What about post mental exertion issues? For me, mental exertion may be more taxing than physical exertion. Right now, for the first time in decades, I am not training. I tried to adopt a rehab protocol, eventually moving back to the home gym, but nothing worked so far. I am always interrupted by an aggravation of the pain, and I’m back to the drawing board on that front.
Exhaustion from mental exertion is also sudden, and scary. I might be reading a text when suddenly the words cease to form sentences. At first, I thought I had gotten distracted and looked away from the page, returning to the wrong point in it. Nope: I was in the right place, yet the words didn’t form anything understandable. For an intellectual worker like me, that is terrifying.
If I am reading music and playing it, suddenly the notes don’t make sense and don’t form a musical phrase anymore. This is quite confusing and at first, I again think it’s the result of getting distracted. I go back to the top of the page and start trying to read the music, to no avail. The writing doesn’t translate into meaningful sound phrases anymore. It’s the end of that practice session.

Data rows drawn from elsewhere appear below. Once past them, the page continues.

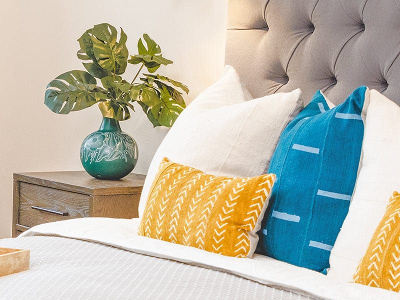 This bundle features five items in total, all pulled from our African Mud Cloth line. Excuse the overconfidence, but we think this bundle truly threads needle thanks to a balance of beautiful colors and styles resulting in a gorgeous collection of handmade designer boho bed pillows 100% ready to brighten your bedroom. This foundation of this bundle is anchored with the subtle off-whites of two MIA pillows (details below) which is a customer favorite and a top seller.  Adding an additional layer of balance and vibrance to this set is the AVERY with its calming oceanic greens and aquas. And the final touch that completes this set are the two OPHIR pillows and their striking chevron repeating patterns stitched over the glowing, warm gold tones.  BUY THE SET AND SAVE 15%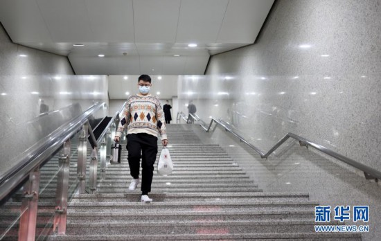 2月11日,重慶北站的通道內,提著年夜飯的余科龍走向妻子任鵲應值班的站臺。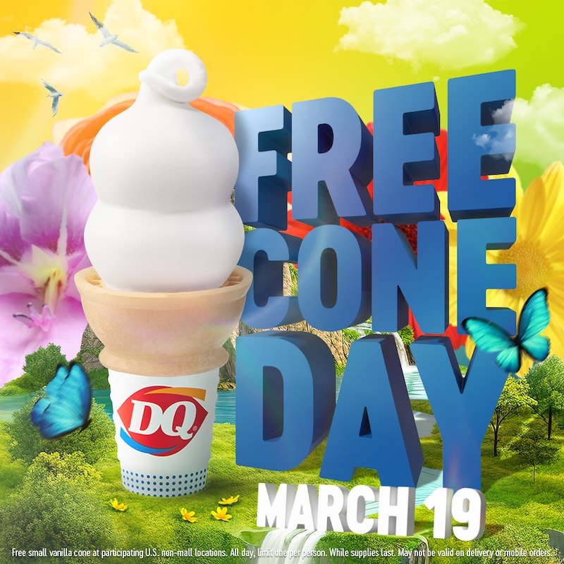 Dairy Queen is celebrating its annual Free Cone Day on March 19, offering customers a free small vanilla soft-serve cone at participating locations nationwide.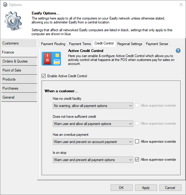 NOTE: Easify has a certain level of credit control built in and enabled as standard e.g. customer payment terms, credit limit, aged debtors reporting etc... Active Credit Control allows you to take this a step further and have Easify intervene if a customer is beyond their credit arrangement with you at the Point of Sale.
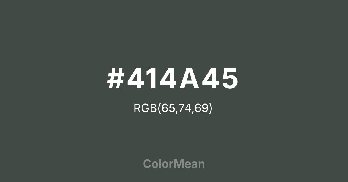 #414A45 RGB value is (65, 74, 69). The hex color red value is 65, green is 74, and blue is 69. Its HSL format shows a hue of 147°, saturation of 6 percent, and lightness of 27 percent. The CMYK process values are 12 percent, 0 percent, 7 percent, 71 percent.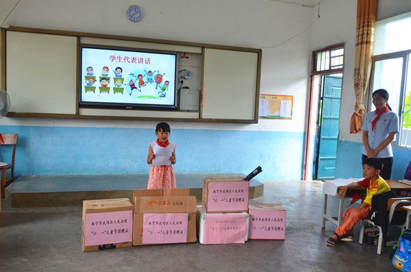 “我想要一个篮球”“我想打羽毛球”“我想买苹果吃” ……书包、篮球、苹果、羽毛球拍……这些普通平常的东西,却是一些贫困孩子不敢多想的心愿。为了庆祝六一儿童节,5月31日下午,我院党组成员、副院长谭芳兰、民一庭负责人黄成果、妇女儿童维权岗潘红玉法官一行代表我院工委和团支部来到我院扶贫挂点村武鸣区锣圩镇清凤村开展“法治点亮心愿,携梦共度六一”爱心助力活动。为清凤小学20名小朋友们送上慰问品,向5名困难儿童发放了慰问金,并把“微心愿”礼物带到了学校教室,亲手把礼物送给许下心愿的同学,用特殊的礼物和满满的爱心送去对孩子们的关怀。 活动中,谭芳兰副院长向孩子们询问了日常生活及学习情况,鼓励他们要勇于面对暂时的困难,树立良好的生活信心,保持积极向上的学习态度,用知识改变命运,将来成为国家的栋梁之材。希望老师们继续尽心尽责,做学生成长成才的引路人。清凤小学的孩子们为谭芳兰副院长一行佩戴上鲜艳的红领巾,学生代表作了发言,表示一定会努力学习,回报社会,决不辜负叔叔阿姨们的期望。随后,谭芳兰一行向孩子们发放了蛋糕、牛奶、水果等食品,与孩子们亲密交谈。在一句句贴心的话语中,让孩子们对未来充满憧憬。孩子们用纯真心向法官叔叔阿姨们说出了长大后的梦想,更多的小朋友表示希望成大后梦想也能成为一名法官,这让谭芳兰副院长欣慰不已,她表示,法院将一如既往地开展对贫困儿童的关爱和帮扶活动,让每一个孩子在充满爱心的集体内幸福、快乐地成长。

The confusion and the notorious “brain fog” are associated with the image of mustard sauce inside my skull.
It took me a while to realize that part of the general discomfort I felt was related to the perception of time. From the micro to the macro level, I feel that everything is happening too fast “outside”, and too slow “inside”.
Last week was my friend’s daughter’s first birthday. To me, they had just had a baby.

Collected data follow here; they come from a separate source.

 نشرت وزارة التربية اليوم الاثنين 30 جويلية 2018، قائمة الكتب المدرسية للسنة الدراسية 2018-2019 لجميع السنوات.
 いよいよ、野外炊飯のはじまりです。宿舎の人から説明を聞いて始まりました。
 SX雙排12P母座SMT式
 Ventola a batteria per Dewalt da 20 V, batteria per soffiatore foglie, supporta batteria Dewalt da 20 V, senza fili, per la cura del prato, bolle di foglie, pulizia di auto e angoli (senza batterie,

I wake up at 6:38AM and suddenly it’s 2PM.
Today is Friday? But wasn’t yesterday a Monday?
There is too much stuff happening inside, and it’s all happening very slowly.
But brain fog or not, circadian deceleration or not, I still think as I used to. I employ the proper methods to inquiries. I present logical, linear accounts of things.

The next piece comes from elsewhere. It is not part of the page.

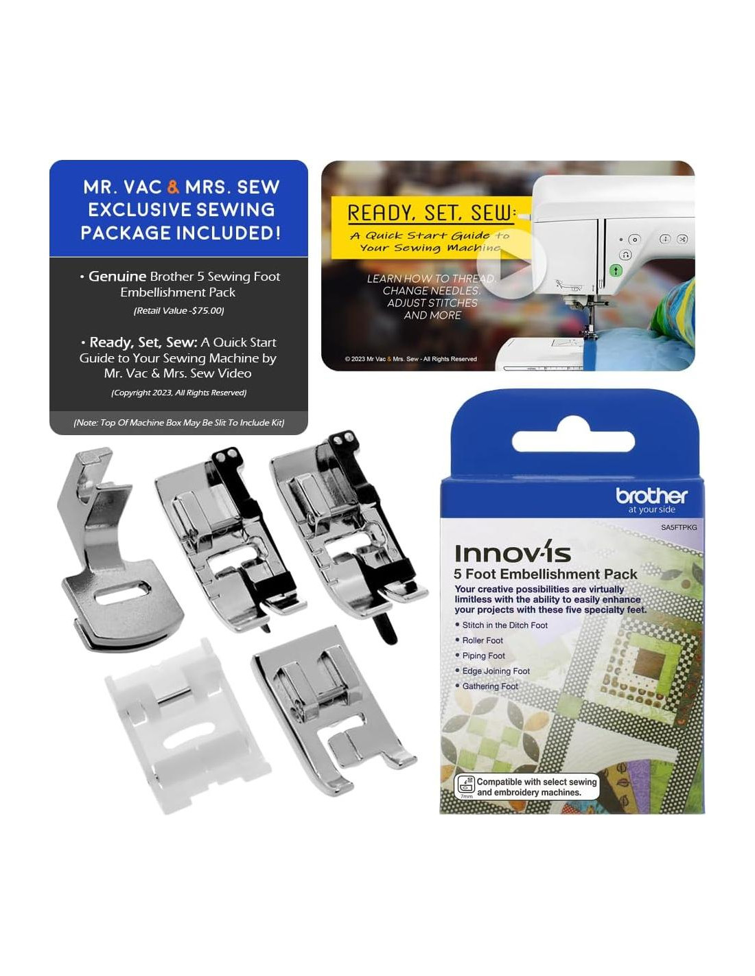 - Incluye Paquete de Embellecimiento de 5 Pies Originales Brother - Tus Posibilidades Creativas son Virtualmente Ilimitadas con la Capacidad de Mejorar Fácilmente tus Proyectos con los Cinco Pies Especiales Incluidos. El Paquete incluye un Pie para Costura en la Costura, Pie Rodante, Pie para Piping, Pie para Unir Bordes y Pie para Fruncir (Valor de Venta - 75.00$)

To resume a regular publishing activity as I did before presents one big problem: it’s the “before”. I think like I used to, I establish a timeline to deliver any manuscript, and non-fictional writing about current events must follow the timeline of the phenomena I am highlighting. All of that would be fine, and actually worked great before. But I’m not the person I was before. For this reason, every time I sit down to continue writing something, anything, I am overwhelmed by an imaginary backlog. It is imaginary, I know it, and that doesn’t make it any less overwhelming because I am the one imagining it, and giving it authority.
This is how I decided to write this article today. I am not here to write a review on what we know about chronic fatigue, or highlight what we don’t know. It is very hard to resist doing just that, because it is my default setting as a scientist. However, I am just making the most trivial point: chronic fatigue is not equal to being very tired all the time. That’s all.
And now that we cleared that up, maybe we can resume that convo we started long ago in this newsletter.
References and further reading:
Missailidis D, Annesley SJ, Fisher PR. Pathological Mechanisms Underlying Myalgic Encephalomyelitis/Chronic Fatigue Syndrome. Diagnostics (Basel). 2019 Jul 20;9(3):80. doi: 10.3390/diagnostics9030080. PMID: 31330791; PMCID: PMC6787592.
Sapra A, Bhandari P. Chronic Fatigue Syndrome. [Updated 2022 Jul 2]. In: StatPearls [Internet]. Treasure Island (FL): StatPearls Publishing; 2023 Jan-. Available from: https://www.ncbi.nlm.nih.gov/books/NBK557676/
Komaroff, Anthony L., and W. Ian Lipkin. "ME/CFS and Long COVID share similar symptoms and biological abnormalities: road map to the literature." Frontiers in Medicine 10 (2023): 1187163.
Davis, Hannah E., Lisa McCorkell, Julia Moore Vogel, and Eric J. Topol. "Long COVID: major findings, mechanisms and recommendations." Nature Reviews Microbiology 21, no. 3 (2023): 133-146.
Bateman, Lucinda, Alison C. Bested, Hector F. Bonilla, Bela V. Chheda, Lily Chu, Jennifer M. Curtin, Tania T. Dempsey et al. "Myalgic encephalomyelitis/chronic fatigue syndrome: essentials of diagnosis and management." In Mayo clinic proceedings, vol. 96, no. 11, pp. 2861-2878. Elsevier, 2021.